Paul Vincent Craven. CC BY-SA 4.0

Python is an outstanding language for people learning to program, and perfect for anyone wanting to "get stuff done" and not spend heaps of time on boilerplate code. Arcade is a Python library for creating 2D video games that is easy to start using, and very capable as you gain experience. In this article, I will explain how to start using Python and Arcade to program video games.

I started development on Arcade after teaching students using the PyGame library. I taught in-person using PyGame for almost 10 years, and I developed ProgramArcadeGames.com to teach online.

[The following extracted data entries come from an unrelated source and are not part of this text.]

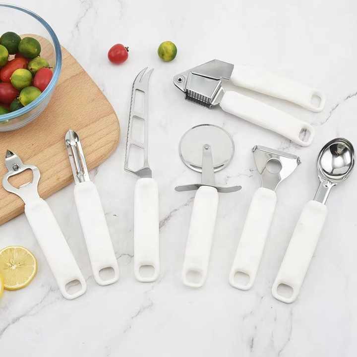 Stainless Steel Kitchen Gadgets Garlic Stripper Bowl Holder Bottle Opener Whisk White Handle Kitchenware Set
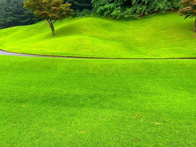 러프는 페어웨이와 마찬가지로 조선 잔디로 되어있습니다. 알려져 있기로는 조선 잔디 중 야지로 되어있다했는데 이날 방문했을 때 저는 야지보다는 중지로 느껴졌습니다. 페어웨이보다 러프는 조금 긴 편이었는데 A 러프의 길이가 30mm 정도, B 러프는 40-50mm 정도로 생각하시면 될 것 같습니다. 저는 개인적으로 위 사진처럼 페어웨이와 A 러프, B 러프 경계가 명확한 걸 좋아하는 편인데 관리도 잘 되어있는 편이라 잔디관리에 대한 이슈는 없는 구장 같습니다.
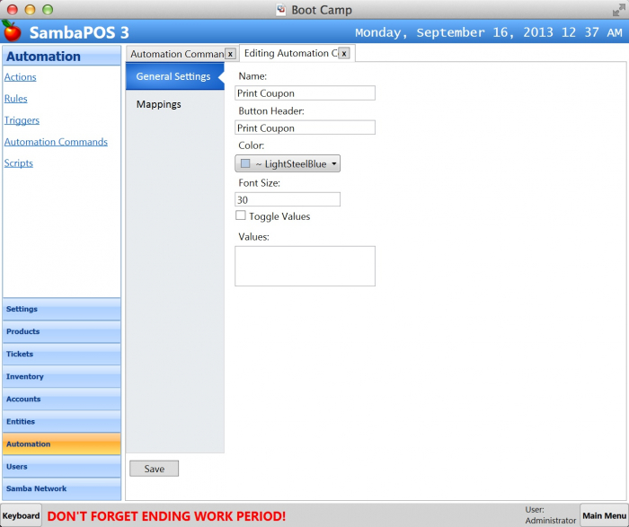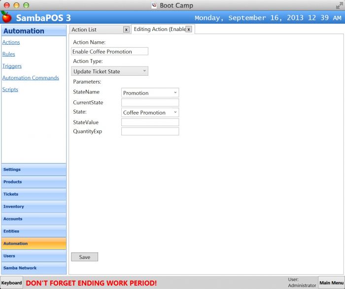 We’ll just disable Coffee Promotion and Refresh Ticket to hide command buttons. On this ticket these buttons won’t enable again. After testing it we can configure next button.

PyGame is great, but eventually I felt like I was wasting time having to cover for bugs that were never fixed.

I worried about teaching things like the event loop, which was no longer the way we code. I had a whole section in which I explained why the y-coordinates were reversed. Because PyGame was seldom updated and it is based on an old SDL 1 library, rather than something like more modern like OpenGL, I didn't hold a lot of hope for the future.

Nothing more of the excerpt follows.